Author Archives: Dennis Ghiglieri

About Dennis Ghiglieri

My concern for the Truckee River grew over the years. It started with picking up trash and supporting better water quality. I helped create the "living river"plan with other citizens on the Community Flood Coalition; a plan to reduce flood impacts to infrastructure through river restoration and protection of the floodplain. I understand how critical the Truckee River is to the environment – and economy – of our entire region. I'm hoping that through these pages we can all understand our connection to the Truckee River and why we need to protect it.

Reno-Sparks’ Truckee River Trail a treasure … but graffiti, trash, & vandalism detract

Truckee River Trail winds along the Truckee River from Ivan Sack park in Reno to Vista in Sparks (map ends at McCarran Blvd)
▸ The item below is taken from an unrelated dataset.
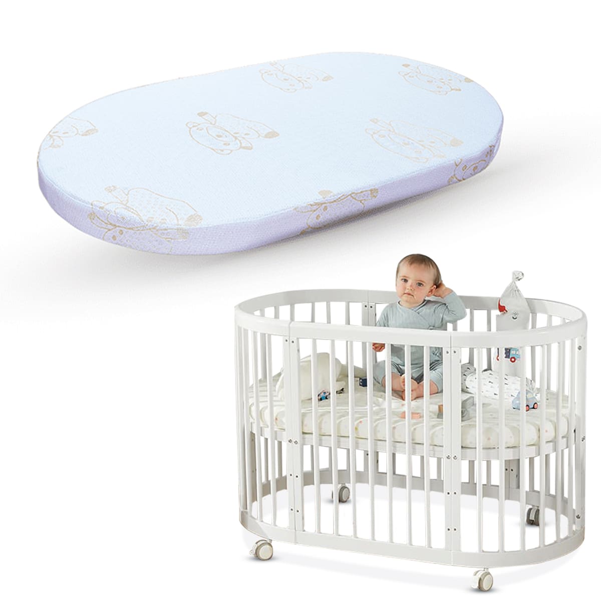 StarAndDaisy Supersoft Mattress For Babies With Washable Zipper Cover For StarAndDaisy Multi-functional 6 in 1 Wooden Cot Crib For Baby / Infant / Kids, Small round bed, Crib, Nursing Table, Round Convertible Bed, Table and Chair and more
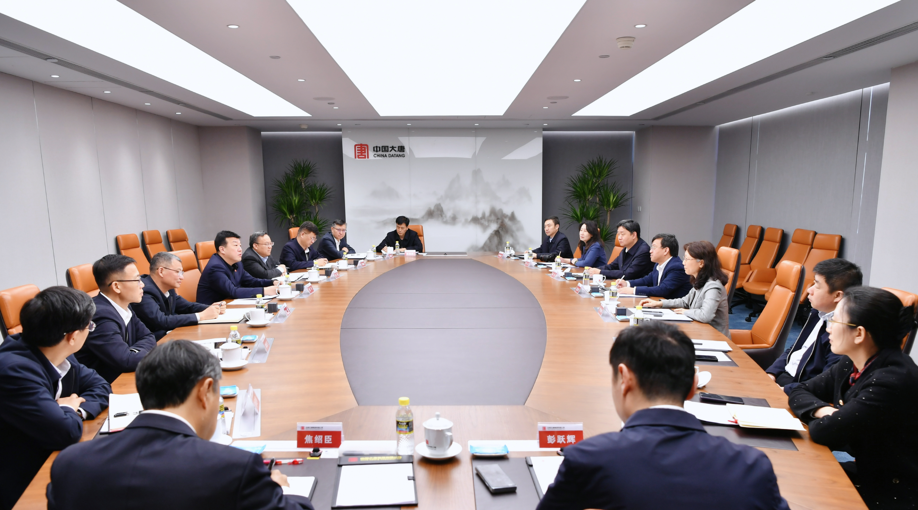 中國(guó)大唐董事、黨組副書(shū)記余波,黨組成員、副總經(jīng)理茍偉;華北電力大學(xué)黨委常委、副校長(zhǎng)房方參加會(huì)談。

The Truckee River is a community asset – a treasure, really – for residents and visitors alike. Many of us spend weekends and as much free time we can get along its banks or in its water. For many residents and visitors the Truckee River Trail through both Reno and Sparks is the best way to spend a lunch hour or a day enjoying the river and absorbing a bit of nature running through our urban home. Truckee Meadows residents embraced the Truckee River and enabled the cities and county to create a trail that spans the valley from west to east right along the river.  Recently, river projects at Reno’s downtown Whitewater Park and Spark’s Rock Park enhance river function and provide very popular recreation for kayakers, rafters, and swimmers. A downtown amphitheater at Wingfield Park provides a venue for performances and events enjoyed by thousands. The Trail is continuous from Ivan Sack Park in Reno all the way to Vista in Sparks.

Truckee River Trail winds along the Truckee River from Ivan Sack park in Reno to Vista in Sparks (map ends at McCarran Blvd)

Truckee River Trail winds along the Truckee River from Ivan Sack park in Reno to Vista in Sparks (Click to expand; map ends at McCarran Blvd)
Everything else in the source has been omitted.